Sunny windows were hung with rose chintz curtains. Every piece of furniture looked as if it had been lovingly gathered and placed so that it bespoke of English charm. There was a fluffy sofa filled with pillows that beckoned you to lay down and take a nap. Cushiony covered chairs sat on each side. The walls were filled with an assortment of vintage prints, English plates and antique mirrors. The front room was large enough to be considered roomy, yet small enough to fulfill it’s cottage size.
Kate glanced in the corner where an open Welsh cabinet was filled with old books and collectables. A pair of black and white Staffordshire dogs were placed on each side of a matching collection of small, leatherbound books.
Mr. Alfredson coughed softly behind Kate. She had been so lost in her new cottage’s surroundings that she had completely forgotten he was even in the room. She turned to him, and tried to contain her exuberance. “Mr. Alfredson, please thank your sweet wife for the flowers. I assume that was her touch? They are perfect.”
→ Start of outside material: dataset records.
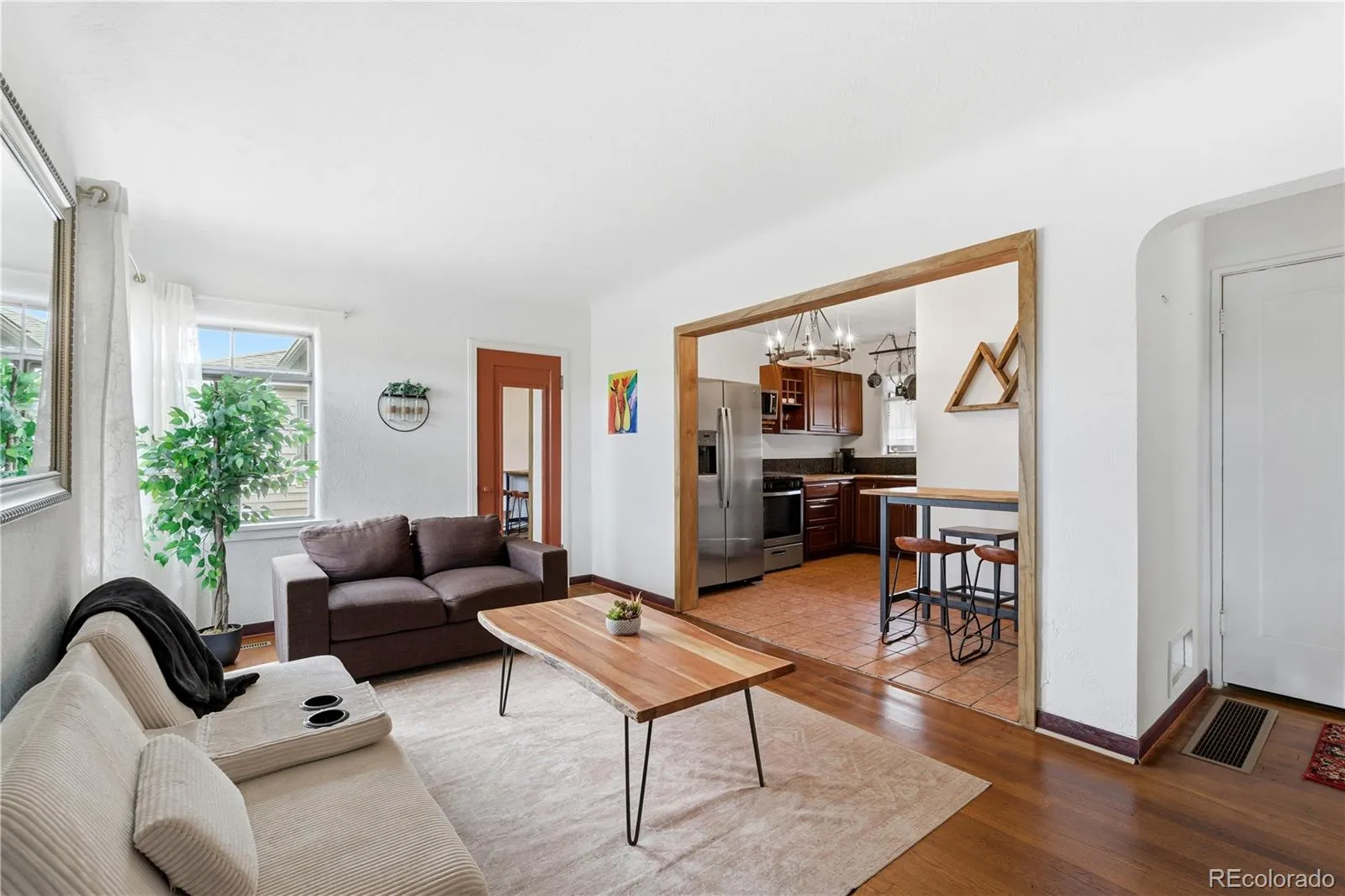 This charming home is located on a quiet street in the desirable Chafee Park neighborhood, just minutes from I-70 and close to downtown, LoHi, and the Highlands, with world-class dining and entertainment nearby. It features numerous updates, including a newer roof, gutters, sewer line, privacy fence, an updated kitchen and bath, and newly refinished solid oak floors. This is a great starter home with a fenced yard, a pergola-covered patio, and a detached garage with ample parking. Get into the neighborhood with this move-in-ready home.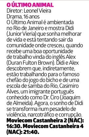 O ÚLTIMO ANIMAL Diretor: Leonel Vieira Drama, 16 anosO Último Animal é ambientada no Rio de Jan...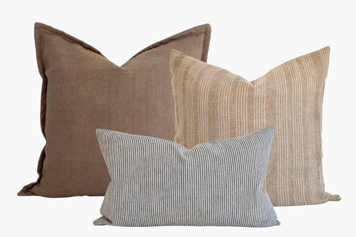 (1) 20" x 20" Striped Sashiko Pillow Cover - Tan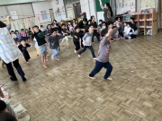 - 年間を通して全クラスでホールに集まりリズムをする機会を設けていて、今日は今年度最後の全クラスリズムでした。年長児ゆり組にとっては保育園で行う最後のリズム。子ども達のリクエストを盛り込んだ内容とし、どのクラスの子ども達ものびのびと体を動かせるようにしていきました。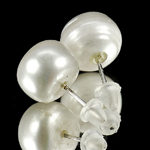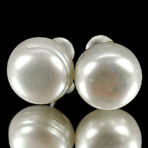13.49 Ct. Natural White Pearl Round Cabochon Silver Earring

“Yes, mum, I surely will. If you think you will be okay now, I will make my way back home. The boss will be looking for me to report in that you got settled in.”
“Your boss?” Kate asked confused. “Why would he want a report on me?”
“Not so much on you personally, mum, but that you were happy with the cottage. He owns the cottage, mum. I am also the gardener at Rosethorn.”
“Yes, mum, that’s the name of Lord Weston’s Estate. Me and the missus live there, as well.”
“Oh, I see. Well that would make sense if it’s his cottage. Please convey to him that I appreciate his concern and I will take very good care of his cottage while I am here. Will he be stopping by at some point?”
“I couldn’t say, mum. He stays pretty busy running the Estate,” he answered.
“Oh, sure. Of course. Well, let him know I am very pleased and all is well. And tell your wife I cannot wait to meet her, too.”
“Yes, mum. I will see you later this afternoon to make sure you are settled. The stove was replaced a fortnight ago with a brand new one. There’s an electric tea kettle and a box of fine teas the missus insisted I leave here for you. If you need anything, you just call me or ring up the Estate. The number is written beside the phone in the kitchen.”
“I’m sure I will be fine, Mr. Alfredson. I look forward to exploring the cottage.”
Kate closed the door behind him and turned to face the living room of her new cottage. She grabbed the basket and made her way to the back of the cottage in search of the kitchen. Kate saw a small sitting area just off the the Living Room that featured a desk by the window. She instantly decided that would be the perfect space for her to set up the laptop and work on her book.
She continued down a small hallway and all of a sudden, she caught her breath. “Well, hello there you gorgeous cottage kitchen. We’re gonna be good friends you and I.”